-- Entries shown follows --

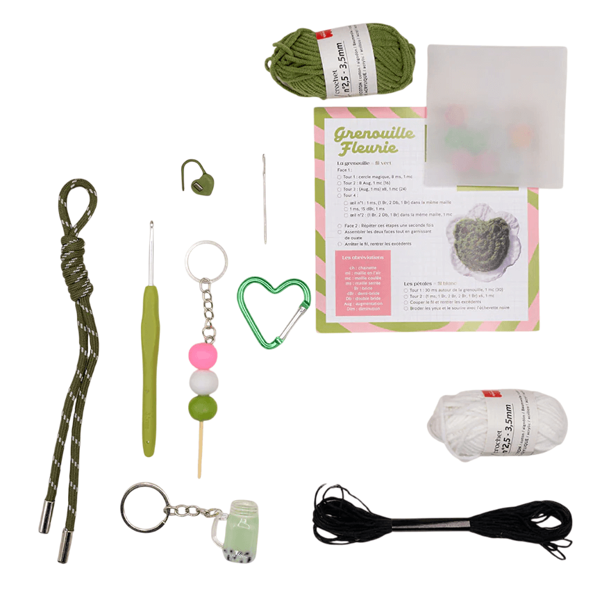 Que contient le coffret ? 2 pelotes de coton 10 g (vert et blanc), 1 échevette noire, 2 accroches porte-clefs avec chaînette, Ouate de rembourrage, 1 cordelette verte/blanche, 1 mousqueton cœur, 1 mix de perles colorées
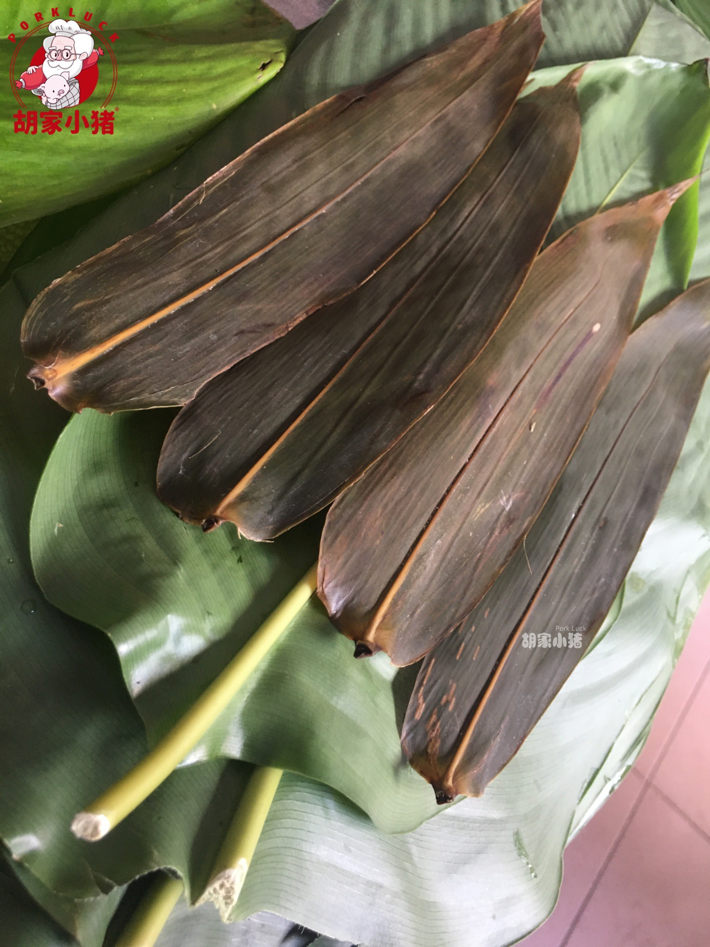 胡家小猪灰粽使用的是贞丰柊叶,柊叶是事先采摘下来烘干储存起来的,烘干后的柊叶不但不会影响味道,包制粽子时也更容易。
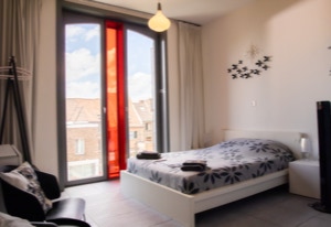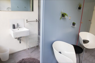 Salle de bain, toilettes et placard sont cachés derrière le mur rouge.
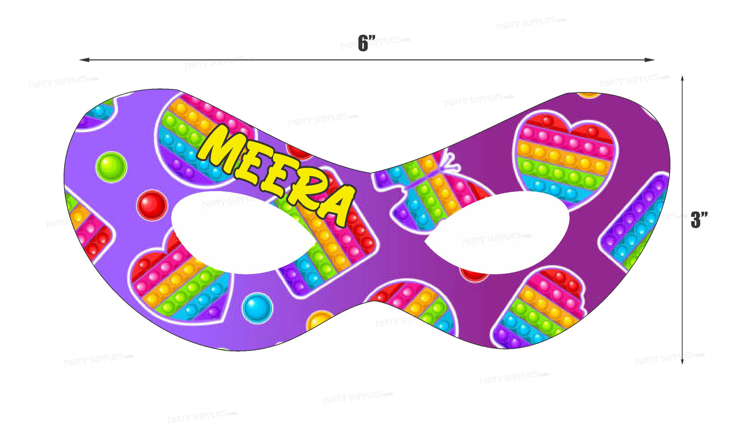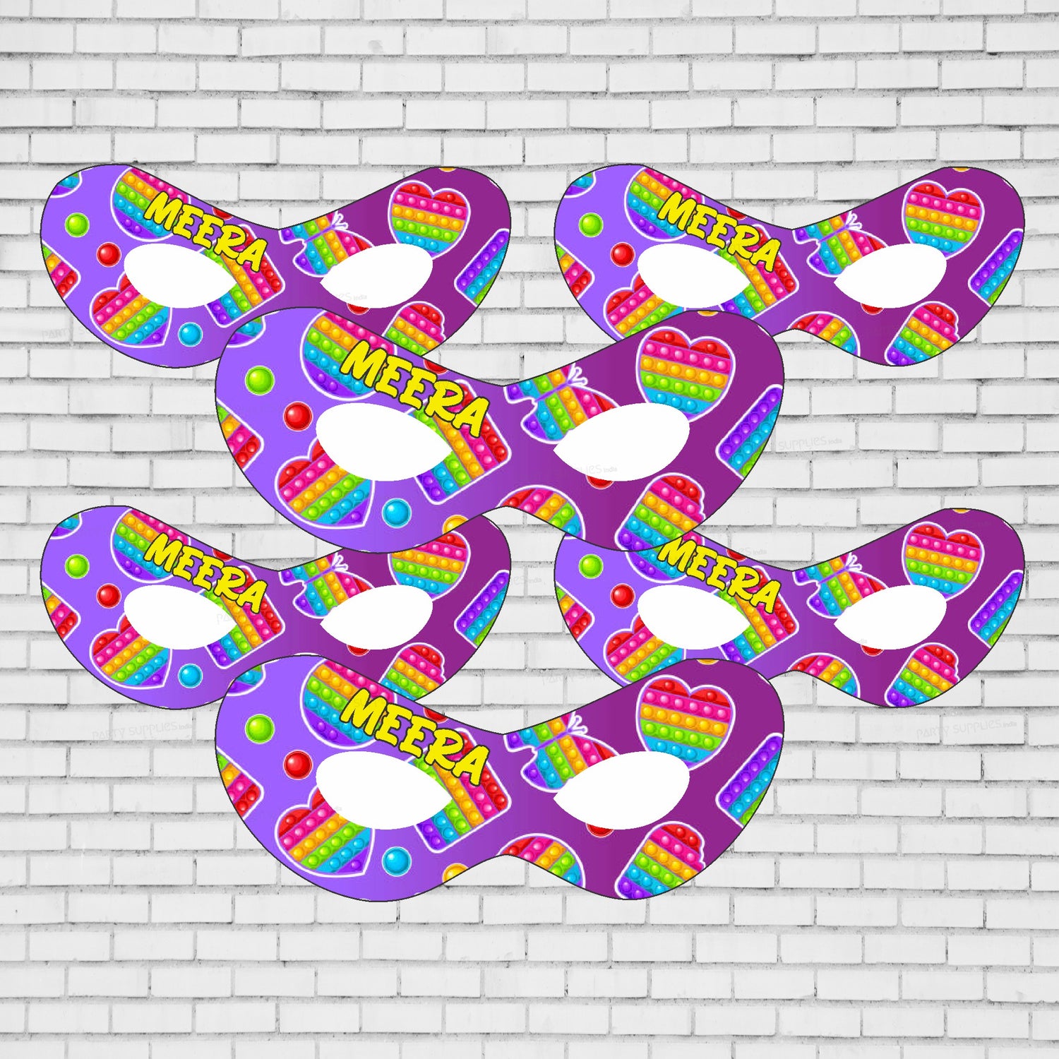 Creating colourful birthday party decoration with Pop It theme based eyemask. Get colourfull eyemasks for birthday party event for your lovely kids . The package includes 5 - 10 Masks, each with an attached elastic string.
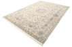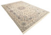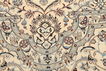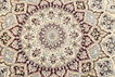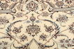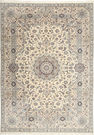 This carpet is knotted in workshops in the city of Nain in central Persia, near Isfahan. The carpet is generally very light with a cream-coloured or deep-blue bottom colour and a large medallion in the centre. The high knot density and high class material makes these carpets of very high quality. Silk might occur and 6La means that three pairs of threads are used for every warp thread. They are manufactured in most sizes and the carpet is among the most beautiful in the world and very popular among collectors. Habibian is one of the most famous carpet knotters in modern times.
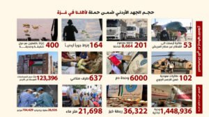 منذ اندلاع العدوان، تحركت المملكة الأردنية الهاشمية على جميع المستويات الدبلوماسية والإنسانية لتأمين ممرات آمنة لإيصال المساعدات إلى قطاع غزة، وأصبحت الأردن المنفذ الرئيس للمساعدات الإغاثية إلى داخل القطاع عبر الممر الإغاثي الأردني، الذي جمع بين الجهود الوطنية لمختلف مؤسسات الدولة، وفي مقدمتها القوات المسلحة الأردنية – الجيش العربي، وسلاح الجو الملكي، ووزارة الخارجية وشؤون المغتربين، والهيئة الخيرية الأردنية الهاشمية، في نموذج فريد من التكامل الوطني الإنساني.
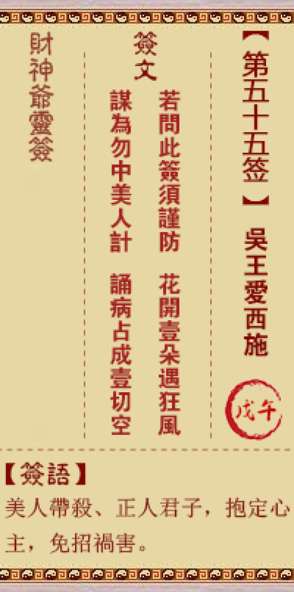 财神灵签第五十五签解签五五签、戊午签、吴王爱西施美人带杀暗知防、尔往西 ...
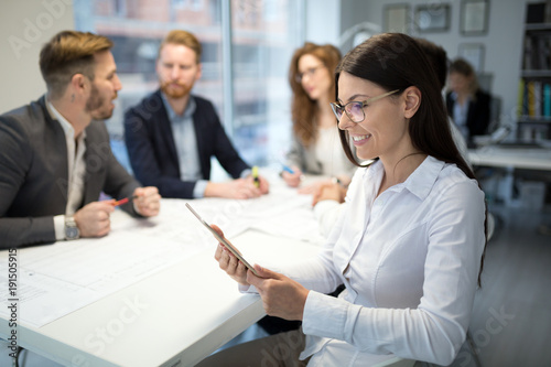 © NDABCREATIVITY, Fototapeta premium Cheerful coworkers in office
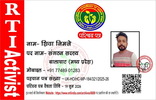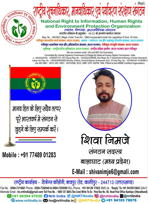 शिवा निमजे June 27, 2025 / By NRTI India शिवा निमजे संगठन सदस्य बालाघाट (मध्य प्रदेश) मोबाइल : +91 77489 01283 ई – मेल : shivanimje6@gmali.com Please follow and like us:
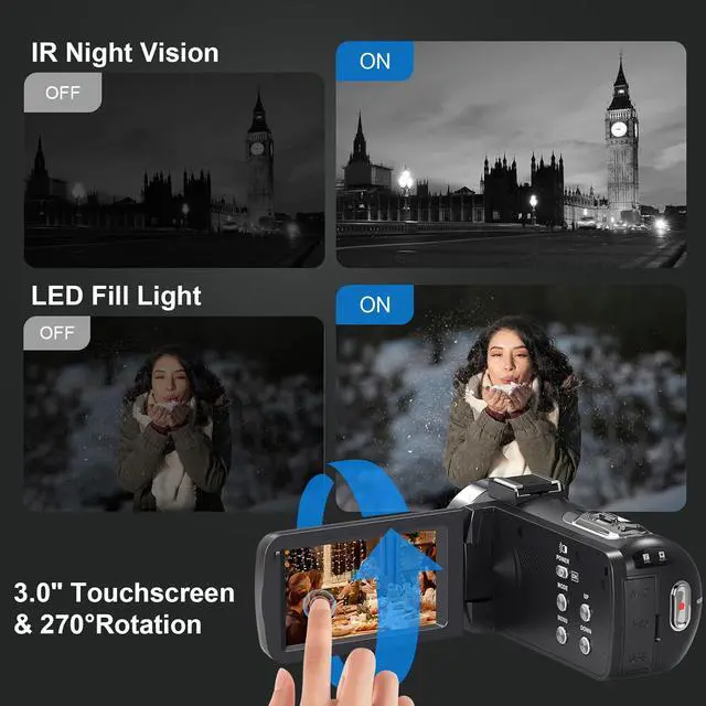 IR Night Vision & Fill Light FunctionEquipped with infrared night vision capability, this camcorder allows for capturing clear black and white photos and videos in low-light environments. The vlogging camera also features a fill light function to ensure natural, high-definition images. Additionally, the infrared night vision 8K camera comes with a microphone, enabling relatively clear sound even in noisy environments.
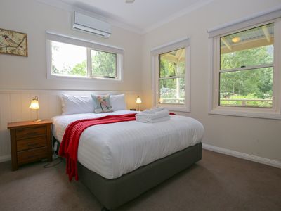 Three beautiful bedrooms sleep up to 6 guests, the master with ensuite & TV while the 3rd bedroom has the cosiest window seat to curl up on. Each bedroom features its own reverse cycle heating & cooling for year round comfort and all bedding & linen is provided.
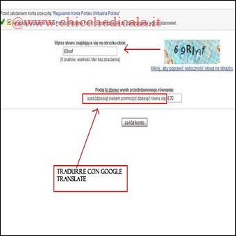 | 3. Compiliamo i campi richiesti; Nome-Cognome-Username-Password, conferma Password, scegliamo la seconda domanda (chi è il tuo eroe?) con risposta annessa-E-Mail-Numero Telefonico +50 seguito da 9 cifre-Sesso-Data di Nascita e 3 opzioni a piacere. | 4. Nella parte inferiore della stessa schermata spuntiamo la voce zaloguy sie, aby pobrac Akceptuję Regulamin…….. compiliamo il codice Captcha e rispondiamo al quesito che ci viene posto, utilizzando Google Translate. (cambia ogni volta). | |
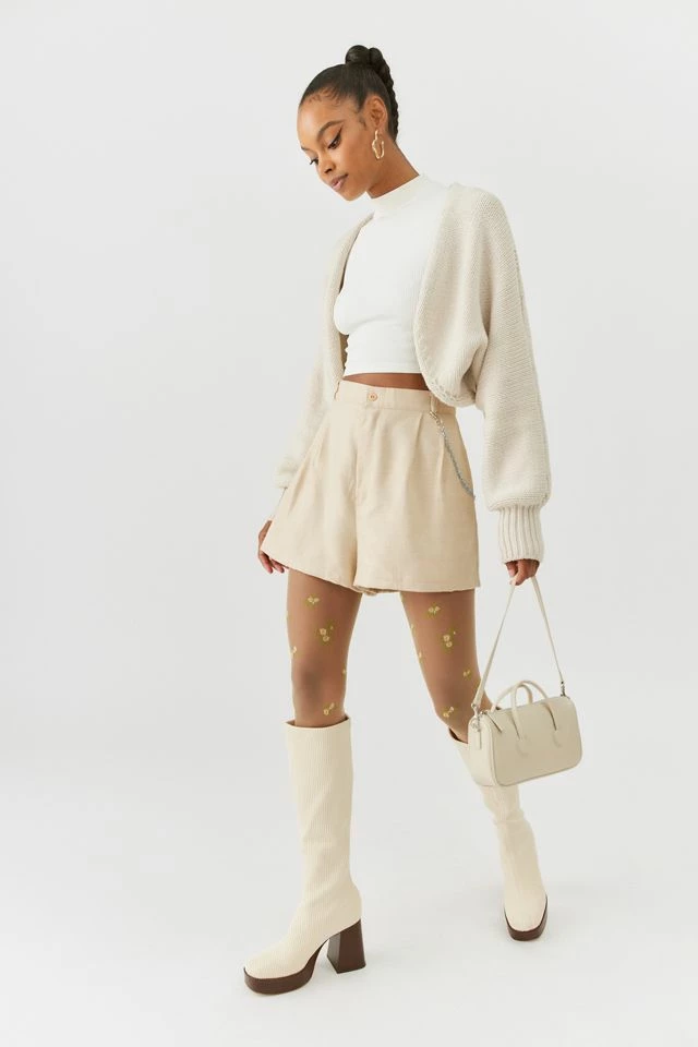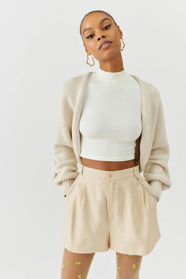 Updated shorts by Urban Renewal adorned with a chain accent at the side. Modern design short created by Urban Renewal from unique vintage and deadstock items found around the world. Though similar in style to what you see here, each upcycled item is one-of-a-kind and may vary from piece to piece.
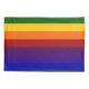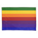 Red, orange, yellow, green, blue, indigo, violet: the colours of the rainbow are presented in vertical stripes in this design. The festive rainbow sequence repeats across the design.

-- Entries shown concluded --

Description of the task:
Word for word, restate all of the data, but do not copy the pictures.

Task solution:
 Que contient le coffret ? 2 pelotes de coton 10 g (vert et blanc), 1 échevette noire, 2 accroches porte-clefs avec chaînette, Ouate de rembourrage, 1 cordelette verte/blanche, 1 mousqueton cœur, 1 mix de perles colorées
 胡家小猪灰粽使用的是贞丰柊叶,柊叶是事先采摘下来烘干储存起来的,烘干后的柊叶不但不会影响味道,包制粽子时也更容易。
 Salle de bain, toilettes et placard sont cachés derrière le mur rouge.
 Creating colourful birthday party decoration with Pop It theme based eyemask. Get colourfull eyemasks for birthday party event for your lovely kids . The package includes 5 - 10 Masks, each with an attached elastic string.
 This carpet is knotted in workshops in the city of Nain in central Persia, near Isfahan. The carpet is generally very light with a cream-coloured or deep-blue bottom colour and a large medallion in the centre. The high knot density and high class material makes these carpets of very high quality. Silk might occur and 6La means that three pairs of threads are used for every warp thread. They are manufactured in most sizes and the carpet is among the most beautiful in the world and very popular among collectors. Habibian is one of the most famous carpet knotters in modern times.
 منذ اندلاع العدوان، تحركت المملكة الأردنية الهاشمية على جميع المستويات الدبلوماسية والإنسانية لتأمين ممرات آمنة لإيصال المساعدات إلى قطاع غزة، وأصبحت الأردن المنفذ الرئيس للمساعدات الإغاثية إلى داخل القطاع عبر الممر الإغاثي الأردني، الذي جمع بين الجهود الوطنية لمختلف مؤسسات الدولة، وفي مقدمتها القوات المسلحة الأردنية – الجيش العربي، وسلاح الجو الملكي، ووزارة الخارجية وشؤون المغتربين، والهيئة الخيرية الأردنية الهاشمية، في نموذج فريد من التكامل الوطني الإنساني.
 财神灵签第五十五签解签五五签、戊午签、吴王爱西施美人带杀暗知防、尔往西 ...
 © NDABCREATIVITY, Fototapeta premium Cheerful coworkers in office
 शिवा निमजे June 27, 2025 / By NRTI India शिवा निमजे संगठन सदस्य बालाघाट (मध्य प्रदेश) मोबाइल : +91 77489 01283 ई – मेल : shivanimje6@gmali.com Please follow and like us:
 IR Night Vision & Fill Light FunctionEquipped with infrared night vision capability, this camcorder allows for capturing clear black and white photos and videos in low-light environments. The vlogging camera also features a fill light function to ensure natural, high-definition images. Additionally, the infrared night vision 8K camera comes with a microphone, enabling relatively clear sound even in noisy environments.
 Three beautiful bedrooms sleep up to 6 guests, the master with ensuite & TV while the 3rd bedroom has the cosiest window seat to curl up on. Each bedroom features its own reverse cycle heating & cooling for year round comfort and all bedding & linen is provided.
 | 3. Compiliamo i campi richiesti; Nome-Cognome-Username-Password, conferma Password, scegliamo la seconda domanda (chi è il tuo eroe?) con risposta annessa-E-Mail-Numero Telefonico +50 seguito da 9 cifre-Sesso-Data di Nascita e 3 opzioni a piacere. | 4. Nella parte inferiore della stessa schermata spuntiamo la voce zaloguy sie, aby pobrac Akceptuję Regulamin…….. compiliamo il codice Captcha e rispondiamo al quesito che ci viene posto, utilizzando Google Translate. (cambia ogni volta). | |
 Updated shorts by Urban Renewal adorned with a chain accent at the side. Modern design short created by Urban Renewal from unique vintage and deadstock items found around the world. Though similar in style to what you see here, each upcycled item is one-of-a-kind and may vary from piece to piece.
 Red, orange, yellow, green, blue, indigo, violet: the colours of the rainbow are presented in vertical stripes in this design. The festive rainbow sequence repeats across the design.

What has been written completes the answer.